That's Not ASP!
If you're familiar with classic ASP or ADO, you might be wondering how your good old Recordset fits into all this.
Although the actual ADODB Recordset is a thing of the past, the concept is still there. In essence, a DataReader is simply a Recordset that uses a forward-only cursor, whereas the DataSet is a Recordset that uses a scrollable or dynamic cursor. The new ADO.NET objects are a bit more functional, of course, but the basic functionality is similar.
When working with a Recordset, regardless of the cursor type, you are continuously connected to the database, which requires locks on the data. This can be rather inefficient, especially if you have many concurrent users.
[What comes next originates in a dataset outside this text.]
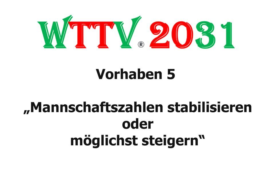 - Während die Verbandsebene auch weiterhin mit 6er-Mannschaften an den Start gehen soll, werden die diesbezüglichen Entwicklungen (in anderen Mitgliedsverbänden des DTTB) auch weiterhin aufmerksam beobachtet.
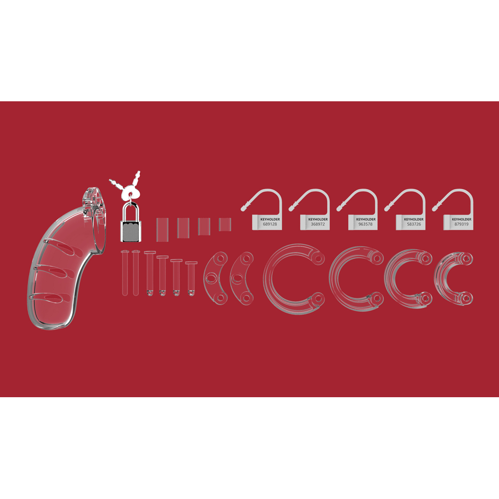Man Cage Chastity Cages are manufactured from high-grade polycarbonate, a very light, durable and hypoallergenic material. The cage consists of three parts that fit perfectly together. The two guidance pins connect the top parts and the oval taper pin connects the rings with the cage. A variety of rings in different sizes and distance pieces will allow you to create the perfect size! The rings have a comfortable fit and are absolutely safe.

The DataSet is a completely disconnected data store, which means you simply grab the data from the database and you're off and running; no need to maintain a connection to the database, no need to lock the data. In addition, the DataSet can represent much more about a data store than simply its data. As you learned today, DataSets can contain multiple tables (which is impossible with Recordsets), relationships, and mappings. This is a powerful new model for dealing with data, and might eliminate some database woes that were present with traditional ADO. All that functionality can come at a price, however. Therefore, you also have the OleDbDataReader, which more closely resembles the Recordset. The difference is that the former is completely object-oriented, and deals with type-safe data.
The OleDbConnection and OleDbCommand objects are very similar to the ADODB Connection and Command objects from traditional ADO, so you should feel fairly comfortable transitioning to them. Concepts that existed in classic ASP, such as transactions and parameter objects, still exist in ASP.NET. In fact, in Day 12, we'll examine these in more detail.
Although there are many differences between classic ADO and ADO.NET, there are also many similarities that will aid developers familiar with classic ADO. A large number of the changes in ADO.NET are simply to make the data model more coherent, flexible, and powerful.